I try to stay at the cutting edge of everything AI, especially when it comes to LLM-enabled development. I've tried GitHub Copilot, Supermaven, and many other AI code completion tools. However, earlier this week I gave a try to locally hosted LLMs and I am not coming back.
Setup
These instructions assume that you are a macOS user.
What about LM Studio? I saw a few posts debate one over the other. LM Studio has intuitive UI; Ollama does not. However, my research led me to belief that Ollama is faster than LM Studio.
Install the model that you want to use.
ollama pull starcoder2:3b
I've evaluated a few and landed on starcoder2:3b. It provides a good balance of usefuless and interference speed.
For context, the following table shows the speed of each model.
Model
tokens/second
starcoder2:3b
99
llama3.1:8b
54
codestral:22b
21
Finally, install a continue.dev – a VSCode extension that enables tab completion (and chat) using local LLMs.
Then update continue.dev settings to use the desired model.

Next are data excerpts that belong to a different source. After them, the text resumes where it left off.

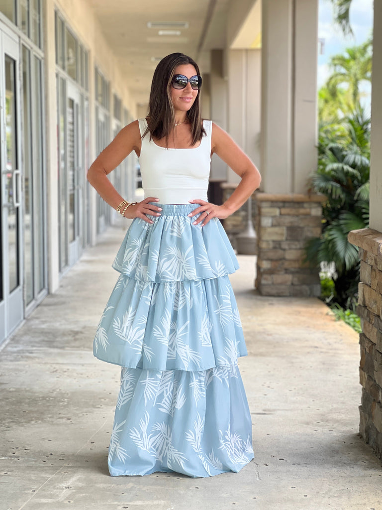 Long Empire Waist Dress with Soutache Bodice, Puff Sleeve Detail and Cascade Ruffle Skirt
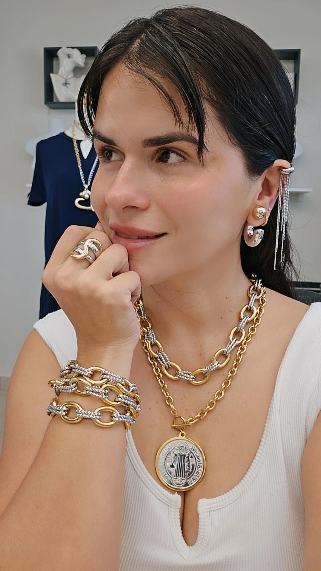 Sera enviada a finales de Diciembre. Solo incluye la cadena dos tonos en stainless steel ajustable hasta 19 pulgadas. No incluye cadena san benito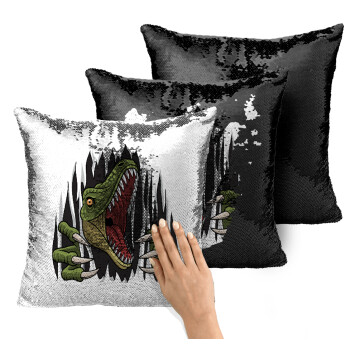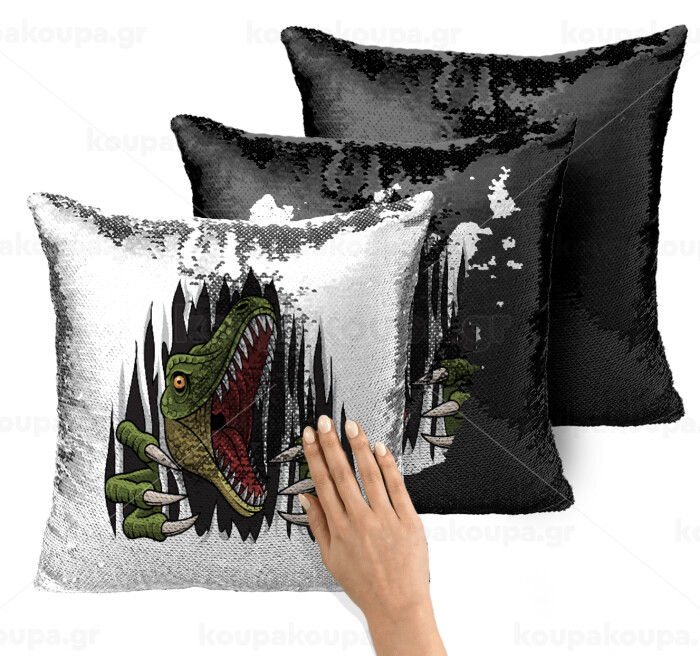 Dinosaur scratch, Μαξιλάρι καναπέ Μαγικό Μαύρο με πούλιες 40x40cm περιέχεται το γέμισμα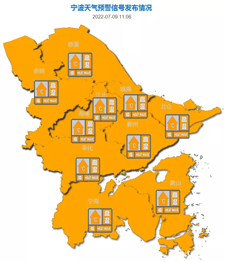 这个周末,宁波“炎值”爆表,昨天中午海曙等3地气温冲到了全国前10。今天高温继续,上午9时,宁波已经全域发布高温橙色预警。一起来看↓

Ensure that you've disabled GitHub Copilot and other overlapping VSCode extensions.
How to use it?
We all know how auto-completion works. However, there are a few shortcuts that are worth memorizing:
Accept a full suggestion by pressing Tab
Reject a full suggestion with Esc
For more granular control, use cmd + → to accept parts of the suggestion word-by-word.
Pros and Cons
Pros
Offline Availability: Work anywhere without relying on an internet connection.
Privacy: Your code and prompts never leave your machine, ensuring maximum data privacy.

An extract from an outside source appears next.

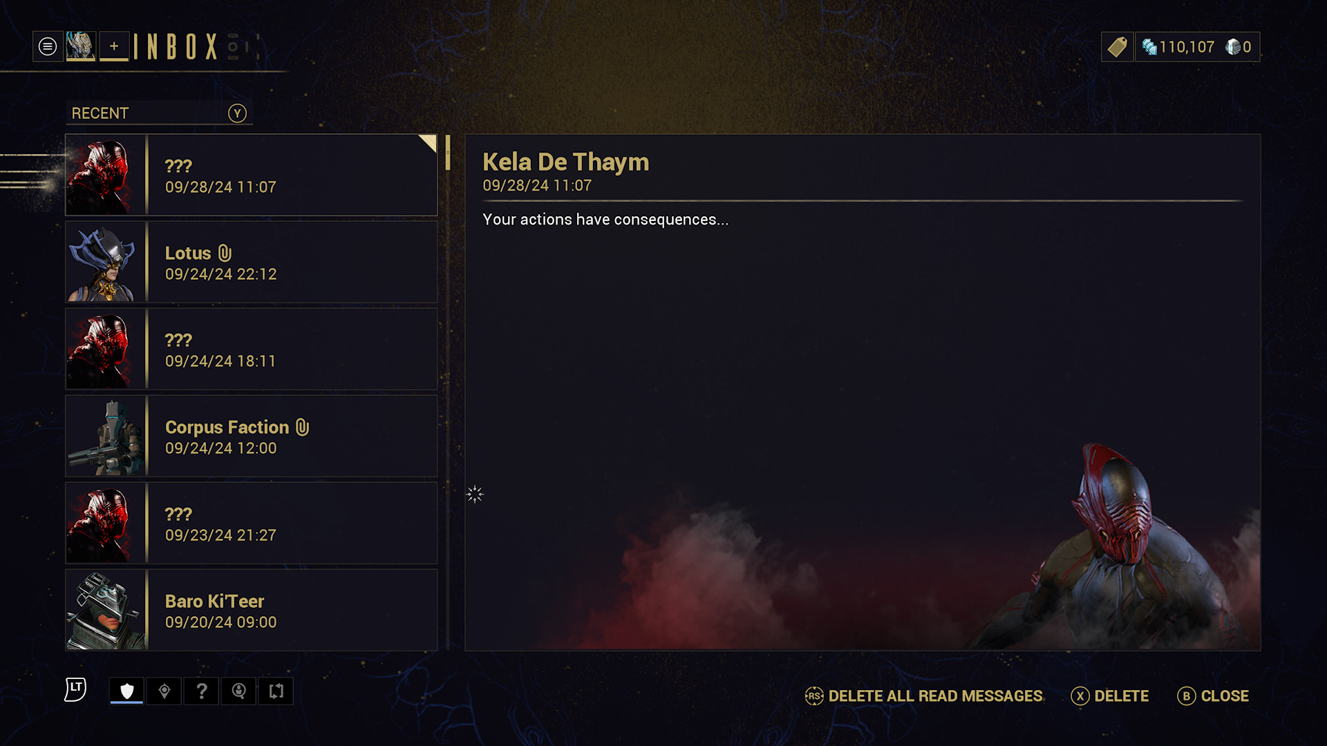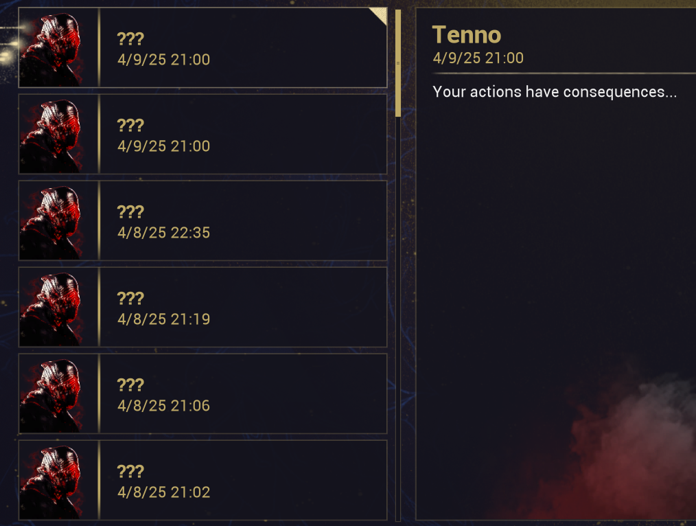 Currently in the emulator, the message's title for every Stalker message reads as "Tenno":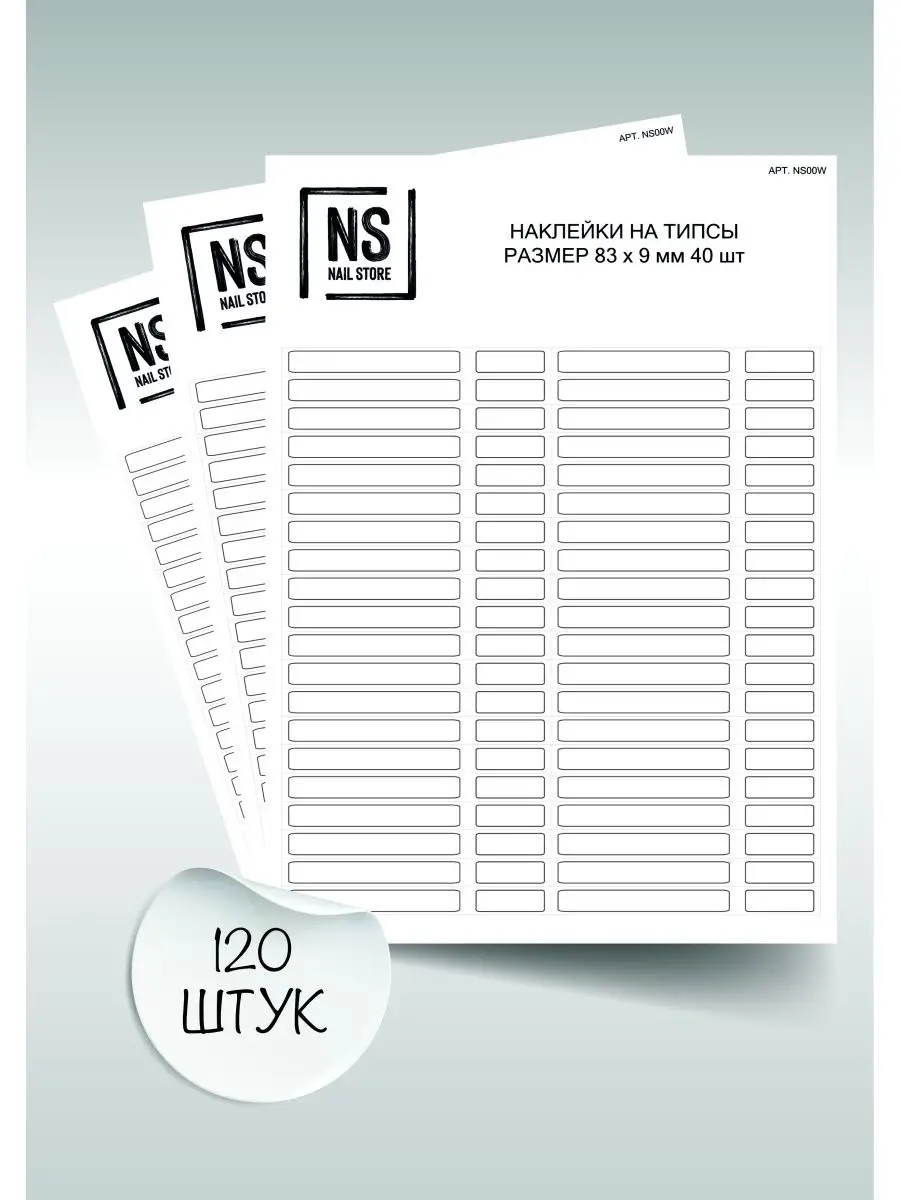 Комплектация 3 листа с наклейками на типсы по 40шт на листе

Customization: Ability to fine-tune models to your specific needs or codebase.
No Subscription Costs: Once set up, there are no ongoing fees unlike many cloud-based services.

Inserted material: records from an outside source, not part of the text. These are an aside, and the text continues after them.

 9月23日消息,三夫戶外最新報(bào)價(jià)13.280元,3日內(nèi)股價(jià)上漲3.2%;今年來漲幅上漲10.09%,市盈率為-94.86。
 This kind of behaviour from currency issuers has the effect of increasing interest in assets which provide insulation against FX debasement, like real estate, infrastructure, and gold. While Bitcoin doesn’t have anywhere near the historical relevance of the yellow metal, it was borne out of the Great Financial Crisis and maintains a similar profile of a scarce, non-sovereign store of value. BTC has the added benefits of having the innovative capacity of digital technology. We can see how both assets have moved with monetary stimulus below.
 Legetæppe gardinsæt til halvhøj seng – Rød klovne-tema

Consistent Performance: No latency issues due to poor internet connection or server load.
Open Source: Many local LLMs are open-source, allowing for community improvements and transparency.
Cons
Initial Setup Time: Requires some time and technical knowledge to set up properly.
Hardware Requirements: Local LLMs can be resource-intensive, requiring a reasonably powerful machine.
Limited Model Size: Typically, local models are smaller than their cloud-based counterparts, which might affect performance for some tasks.
Manual Updates: You need to manually update models and tools to get the latest improvements.
Closing Thoughts
I was hesitant to adopt local LLMs because services like GitHub Copilot "just work." However, as I've been traveling the world, I found myself often regretting having to depend on Internet connection for my auto completions. In that sense, switching to a local model has been a huge win for me. If Internet connectivity was not issue, I think services like Supermaven are still very appealing and worth the cost.
If you are not familiar with Supermaven and if you are Okay with depending on Internet connection, then it's worth checking out. Compared to GitHub Copilot, I found Supermaven's auto completion to be much more reliable and much faster.
However, if you are like me and want your code completion to work with or without an Internet connection, then this is definitely worth a try.